Even allowing a substantial discount on these figures, DCN still estimates that around one in ten Americans (9%) will actually end up using ad-blocking software in the next three months. Given the limited time frame and growing public awareness of ad-blocking software as an option, it’s plausible to imagine that proportion increasing rapidly over the next year or so.
On that note, the DCN also pointed to new threats that could accelerate adoption of ad-blocking software, including enterprise-level installation of ad blockers (for example to improve network speeds or security), or carriers that offer ad blocking as a competitive feature to woo consumers.

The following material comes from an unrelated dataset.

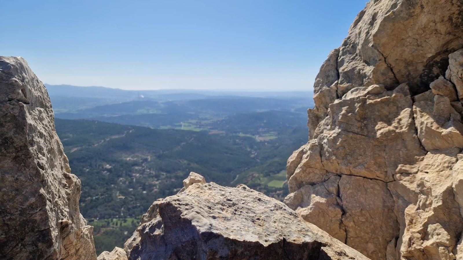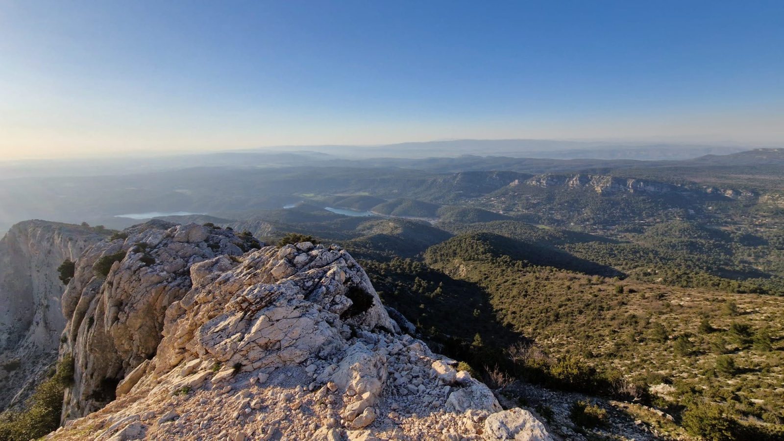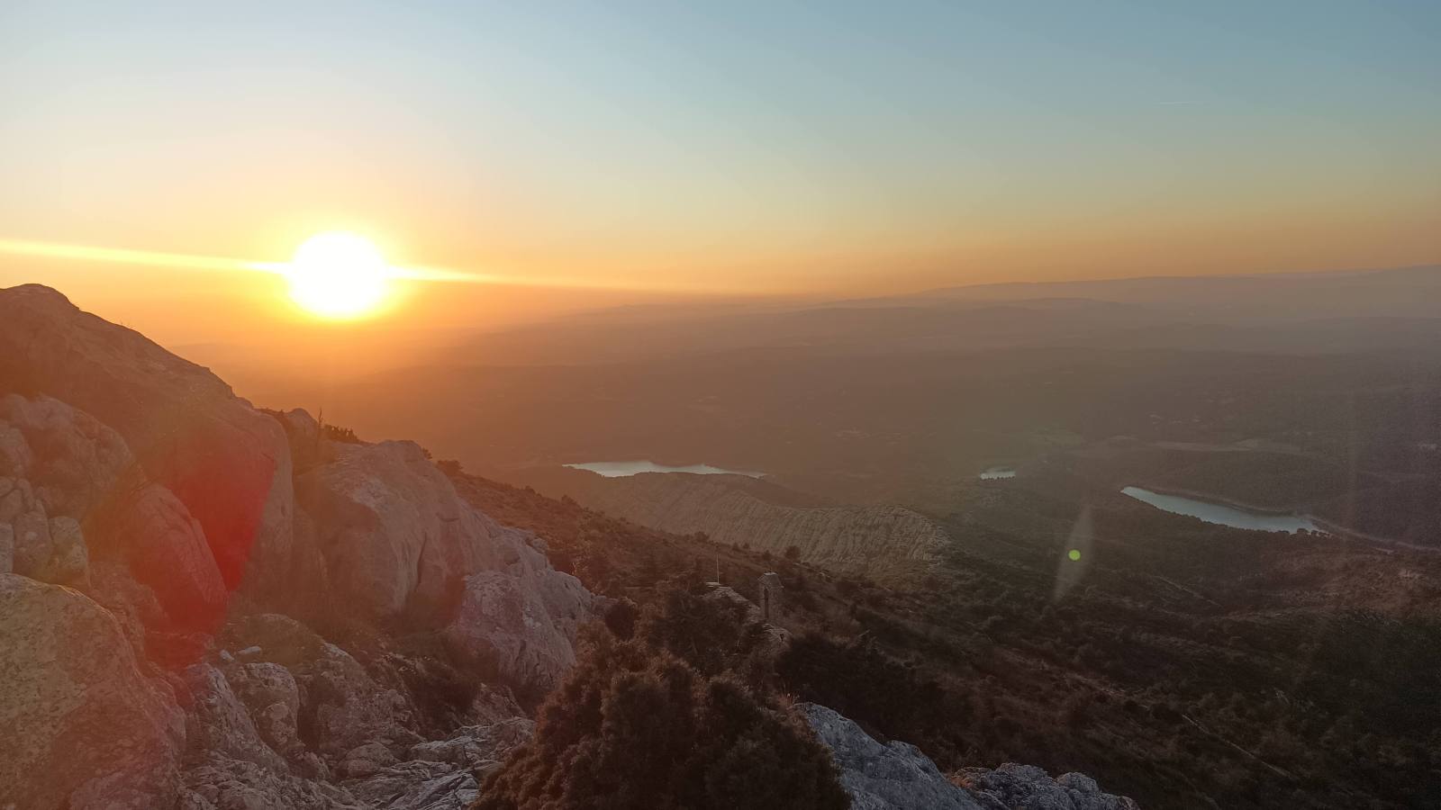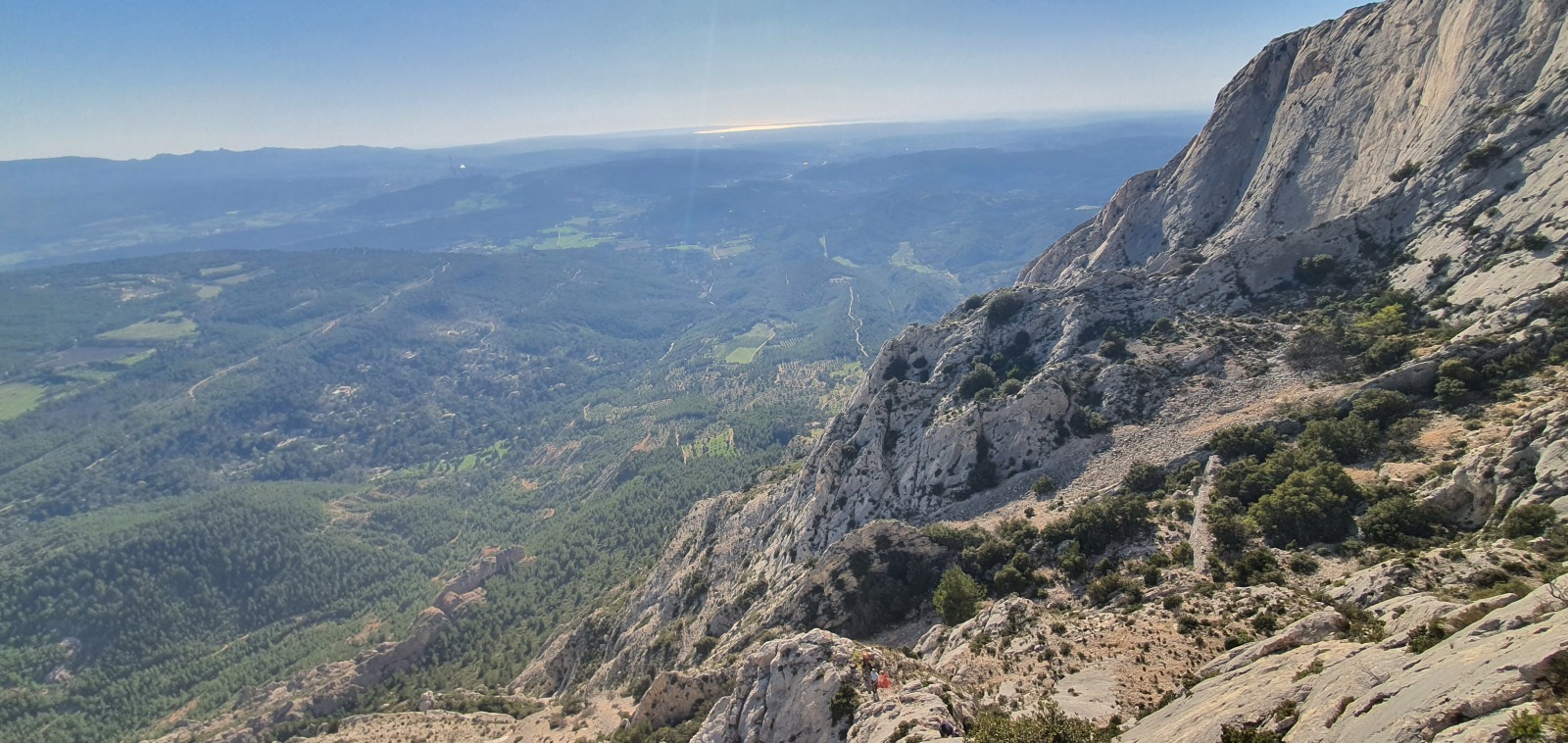 Les cordées parviennent progressivement au sommet. Michèle fait la dernière longueur en tête, Djé, Xav et Thibaud se rétablissent à la cime. Thomas a repris la tête et c’est dorénavant une formalité pour lui de grimper au dessus du point et de construire des relais et assurer Sabine et Yannick. Le couple Gouix et Julien arrivent également et Florian randonne le crux de la dernière longueur et permet à sa cordée de sortir également.

Addressing consumer attitudes toward advertising, the DCN study also found that 70% of respondents said they dislike ads that expand over content or automatically begin playing with sound. Separately, 68% said they were concerned about ads tracking their online behavior, and 57% said that ads were causing their Web pages to load too slowly.

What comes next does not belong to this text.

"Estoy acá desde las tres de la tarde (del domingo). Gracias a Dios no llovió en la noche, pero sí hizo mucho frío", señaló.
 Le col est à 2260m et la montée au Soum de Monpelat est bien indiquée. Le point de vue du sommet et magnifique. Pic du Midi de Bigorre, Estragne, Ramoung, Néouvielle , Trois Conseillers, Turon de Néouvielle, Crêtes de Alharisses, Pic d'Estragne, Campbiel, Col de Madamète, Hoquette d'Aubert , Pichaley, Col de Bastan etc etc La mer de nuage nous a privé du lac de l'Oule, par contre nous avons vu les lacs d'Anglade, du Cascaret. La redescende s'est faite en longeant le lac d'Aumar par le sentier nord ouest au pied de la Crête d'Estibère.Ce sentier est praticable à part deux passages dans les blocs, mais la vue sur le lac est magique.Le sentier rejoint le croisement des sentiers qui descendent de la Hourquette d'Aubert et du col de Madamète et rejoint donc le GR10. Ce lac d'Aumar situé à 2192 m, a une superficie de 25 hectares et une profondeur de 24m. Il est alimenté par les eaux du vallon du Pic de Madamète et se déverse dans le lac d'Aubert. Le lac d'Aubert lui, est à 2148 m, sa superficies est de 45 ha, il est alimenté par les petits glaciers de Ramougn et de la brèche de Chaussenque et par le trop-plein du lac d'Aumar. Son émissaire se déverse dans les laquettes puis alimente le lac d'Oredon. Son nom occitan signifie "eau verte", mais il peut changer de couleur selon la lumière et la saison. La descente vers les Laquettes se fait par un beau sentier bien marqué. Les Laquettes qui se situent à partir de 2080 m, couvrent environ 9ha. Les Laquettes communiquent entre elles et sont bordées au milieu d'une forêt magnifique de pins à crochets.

DCN CEO Jason Kint stated: “On a scale of one to 10, my concern is at a level eight or nine -- our industry has ignored consumer concerns and now these same consumers are speaking up by installing ad-blocking software. We need leaders across the industry to focus on providing better experiences, transparency and controls that will solve this issue.”
In a separate report released earlier this year, PageFair predicted that ad blockers could cost publishers around $22 billion in lost advertising revenues globally this year, adding that the figure is set to go up as adoption of ad blockers becomes more widespread.

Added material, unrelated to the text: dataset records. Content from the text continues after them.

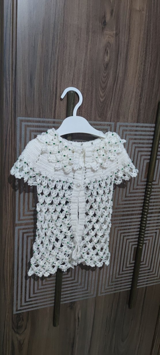 Kızlar için kısa kollu, dantel detaylı ve işlemeli desenlere sahip beyaz örgü hırka. Bol kesim ve bohem tarzda.
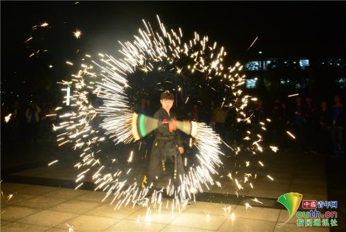 05江西师范大学“地球一小时”开始前,双节棍社团带来精彩表演。江西师范大学团委供图
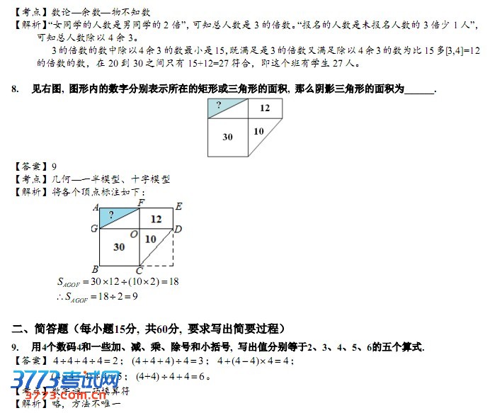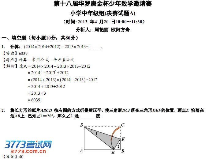 相关文章 2016第二十一届华杯赛决赛考试试题分析2016华杯赛初赛晋级名单公布2013第十八届华杯赛决赛B卷答案(小中年级组)2013第十八届华杯赛决赛B卷答案(小高年级组)2013第十八届华杯赛决赛A卷答案(小高年级组)2013第十八届华杯赛试题题目简单2013华杯赛考试成都8000名小学生参加2013成都华杯赛开考考点家长多2013第十八届华杯赛小学中年级组初赛试题(A卷)第十八届华杯赛小学高年级组初赛试题(A卷) 触屏版 电脑版 3773考试网 琼ICP备12003406号-1
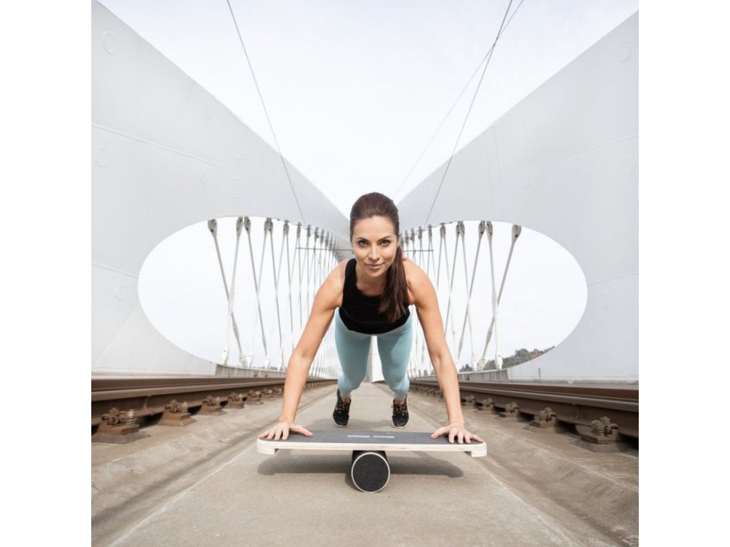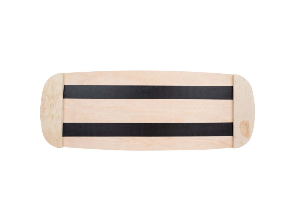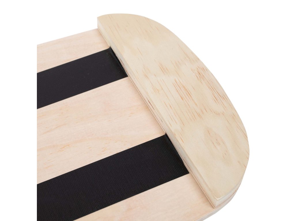 Das Holzbrett ist auf der Oberseite mit einer rutschfesten Beschichtung versehen und die Enden der Unterseite des Brettes sind mit Anschlägen versehen, die verhindern, dass das Brett vollständig vom Zylinder rutscht. Wenn Sie eine glatte Oberfläche wählen, rutscht die Rolle mehr und die Übung wird anspruchsvoller. Wird die Rolle auf den Teppich gestellt, wird das Balance Board handlicher und das Training wird für Anfänger einfacher.
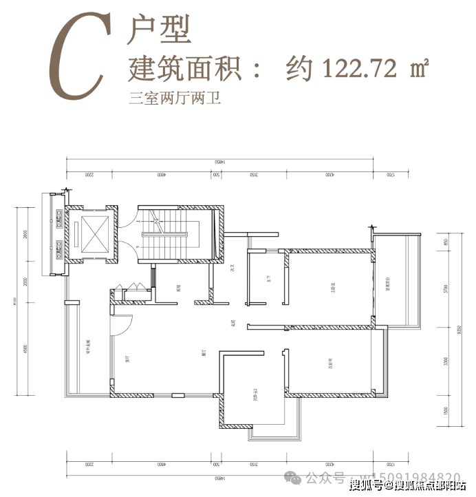 主力户型:98㎡两房,111㎡三房,122㎡三房
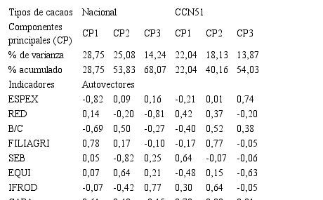 Keywords: Analysis of main components, cocoa National, CCN-51, indicators, sustainability.
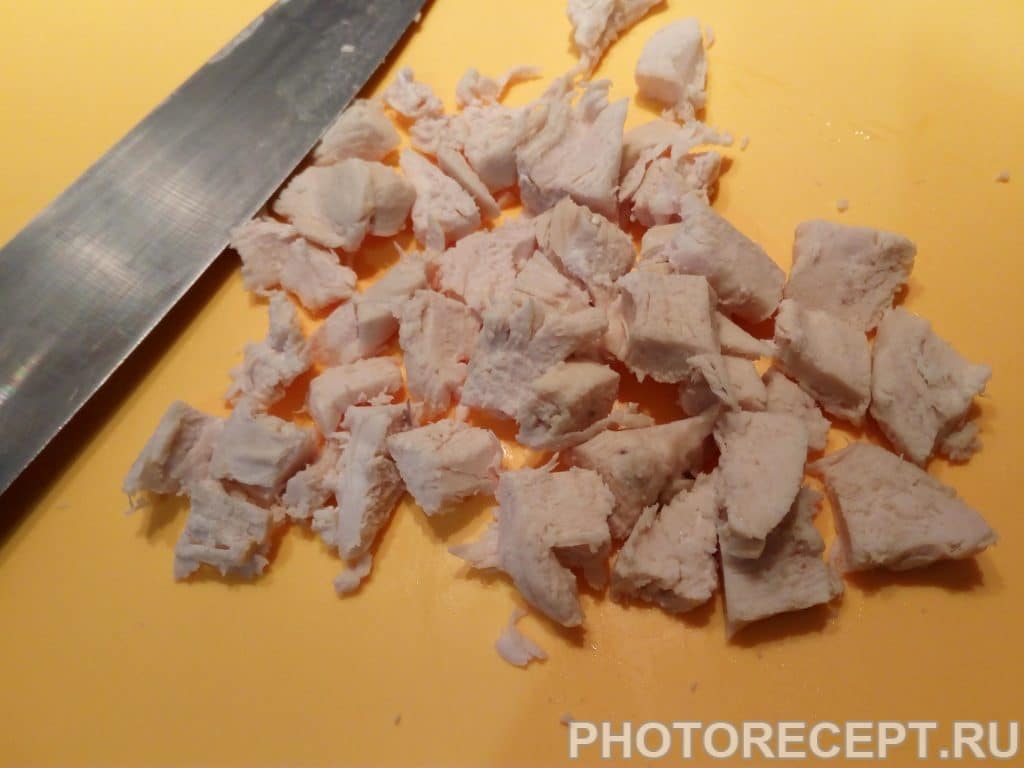 Копчености нарезаем по выбору тонкими полосками или небольшими кубиками.
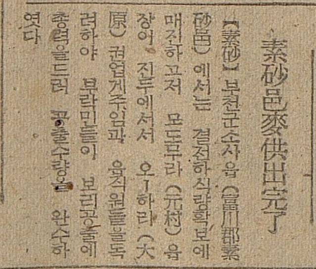 【소사】부천군 소사읍에서는 결전하 식량확보에 매진하고저 모도무라(元村)읍장이 진두에서서 오하라(大原) 권업계 주임과 읍직원들을 독려하야 부락민들이 보리공출에 총력을 들여 공출수량을 완수하였다. (1944년 7월 15일 매일신보)
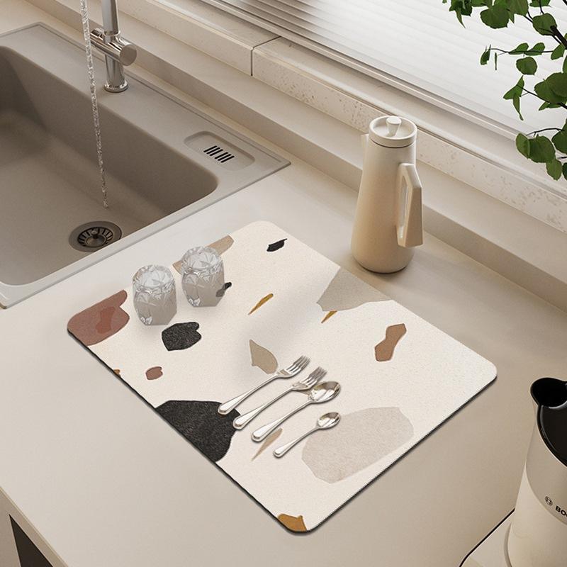 Tapis de drainage pour comptoir de cuisine, rectangulaire, 30x40cm, 40x60cm, antidérapant, absorbant, en fibre de polyester, motif abstrait

One out of Three is too kind. Its Bigger than that.
ONLY one out of three? Probalby only because not enough Americans know about them yet.
And look at the "solution" that is proposed--- "We need leaders across the country to focus on providing better experiences, transparency and controls that will solve this issue". That really nails it---right?
The only way to resolve this issue is for digital ad sellers to organize the ways ads are positionned so as not to be so disruptive of the users' access to editorial content. And, secondly, they must limit the amount of ad clutter to manageable levels.
How can this be done. In my view the ads should be concentrated in distinct breaks in between clearly defined and distinct sequences of editorial content---just like TV and radio. That way, those who want to see the ads can do so and those who dont can simply take a short break from their PC, smartphone or tablet, or switch to some other publishers website, then return for another uininterrupted content segment. This way, ad recall and other indicators of ad impact will probably increase---just as happens with short, uncluttered TV ad breaks---which, in turn will enable publishers to charge more for such ads. The alternative is to continue with the chaotic situation until, as Leonard's comment suggests, you have so many angry users blocking ads that advertisers---especially those of the branding variety---give up on digital entirely.
The carriers will force change on the advertising and publishing communities.
People own the 'pipes' and 'reservoirs' (backhaul) of mobile connectivity can also build dams.
And in the case of people like John C Malone, they can afford to play hard ball here.
This is exactly why I predict that 2016 will be the year of "Permission Marketing at Scale". Why don't we simply ask viewers before they leave a site to opt-in to future marcom content based on criteria they set. Major e-tailers started this trend this year, and many others are getting on board next year. Brands, agencies and media companies should follow.